Вот тут он взвился по-настоящему. Обычно он умел сохранять завидную невозмутимость. Именно ею я объяснял его воздействие на собеседников. И вдруг в броне объявилась трещинка. Кажется, и мне, наконец, выпало оказаться снайпером. Вознагражденное терпение.
– С чего вы решили, – спросил он грозно, – что я возмечтал повести на выпас своих верноподданных сограждан? И чем, скажите, аз многогрешный дал основания для подозрений?
– Голубчик мой Аз, – сказал я кротко, – будем честны сами с собою. Есть основания, есть подозрения. Вас навещают и, вместе с тем, никто не оспаривает, что вам не нужно ни общества, ни общения. Когда вы распахиваете уста, все внемлют, с вами не принято спорить. Ибо к полемике вы не склонны, предпочитаете быть арбитром. Теперь скажите, что я не прав.
– Я это безусловно скажу, – он покраснел и сразу нахмурился, – ибо согласие означает мое согласие с тем, что я – монстр. Хуже того – безмозглый павлин. При всех пороках и несовершенствах я все-таки не столь безобразен.
– Этого я и не говорил. И меньше всего хочу оказаться болваном, который всех обличает, кичась своей доблестной прямотой. И сам я не мазохист, испытывающий удовольствие от близости с монстром. И уж тем более не красавица, которую к чудовищу тянет. Но. Даже если вы сами не чувствуете разницы меж свинопасом и пастырем, вы ощущаете эту способность пусть не пасти, но повести.
– Нет у меня такой способности, а стало быть, нет и такой потребности. Это две вещи взаимосвязанные. Там, где способность, там и потребность.
Я промолчал. Мы оба были собой недовольны. Я – потому что убедился, как справедлива моя догадка, что постоянная боеготовность – это всего лишь его защита от одинокости и раздражения, которое он вызывает в ближних. Аз – потому, что я это понял. Поэтому он не мог уняться, продолжил оборонять свою крепость.
– При всем уважении к вашим годам, хоть мы и поладили потому, что вы от меня никогда не требовали их уважать, хочу вас заверить, что я ни в юности, ни в зрелости не болел вождизмом.
– Гребуете или нет характера?
– Гребовать глупо, – сказал Азанчевский. – Правитель такая же профессия, как пекарь, токарь или сапожник. Что до характера, то он есть. Не убежден в особых талантах, но вот характером – не обойден.
– Рад слышать. Тем более что характер – это и есть первейший талант, – я с удовольствием согласился.
– Благодарю вас за эту щедрость, буду стараться ей соответствовать. И все же, позвольте мне повторить, – настойчиво произнес Азанчевский, – в самом невероятном сне, полном кошмаров, я бы не смог представить себя политическим волком.
– А политическим зубром?
– Тем более. Нет у меня таких клыков. Надо послеживать за собой и чаще напоминать знакомым и малознакомым, что я – не поп.
Но недосказанное, непроясненное, как правило, никуда не уходит. Скапливается на донышке сердца, в темных закоулках сознания и продолжает грызть и тревожить. Вскоре я вновь обратился к опасной и сильно меня донимавшей теме.
– Вы уж простите мою дотошность, но я не хочу быть неверно понятым. Совсем не хотел бы вас обнаружить, не дай Бог, в каком-нибудь Гайд-парке, ни, тем более, увидеть в кутузке за неуважение к жизнепорядку, не говоря об администрации. Но объясните четко и внятно: вы в самом деле убеждены, что мироздание можно улучшить без этих резких телодвижений?

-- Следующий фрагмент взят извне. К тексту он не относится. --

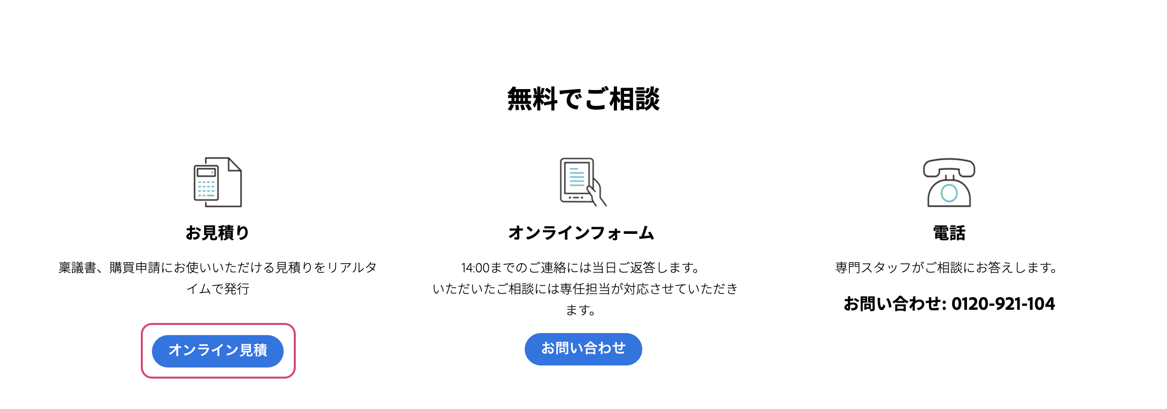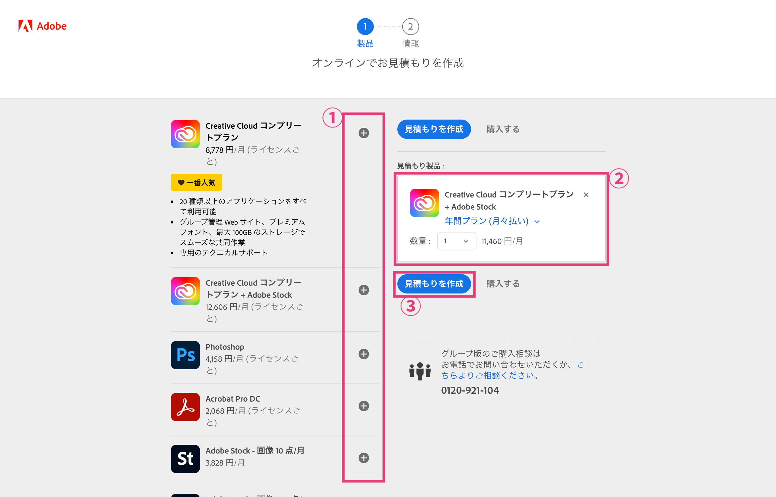 お見積りはアドビ直販窓口またはオンラインで可能です。

– Понятия не имею, – сказал он. – Откуда мне знать? Я вам не гуру и не пророк. Я домосед. И соотвественно моя тахта – моя трибуна. И стало быть, если вам надоест подбрасывать хворост в чуть тлеющее пепелище, я с удовольствием заткнусь. Могу перекинуться словом-другим с таким обаятельным собеседником, могу безмолвствовать, как народ. Как говорится, человек неограниченных возможностей. Надеюсь, я понят?
– Не обольщайтесь, – буркнул я кисло. – Понятно, что ничего не понятно. Начали вы с похвальной скромности и сообщили, что вы не оракул, не Заратустра и не Кассандра. Не Гость из будущего и не Предтеча. Готовы возлежать на тахте. Кончили тем, что на все руки мастер. И меценат и филантроп. Загадочны и противоречивы, как юная дама. Возможно, что этим шармируете своих кавалеров.

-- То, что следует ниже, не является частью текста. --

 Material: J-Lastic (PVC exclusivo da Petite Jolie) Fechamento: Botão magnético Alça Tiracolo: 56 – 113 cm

– Понять не могу, почему вы взбрыкнули, – пожал он плечами. – Если забыли, напомню, что мы с вами говорили о роли характера. О его твердости, цельности, всех этих важных свойствах. Позвольте, чтоб подвести черту, напомнить одну весьма поучительную и современную историю.
– Буду признателен. Весь внимание.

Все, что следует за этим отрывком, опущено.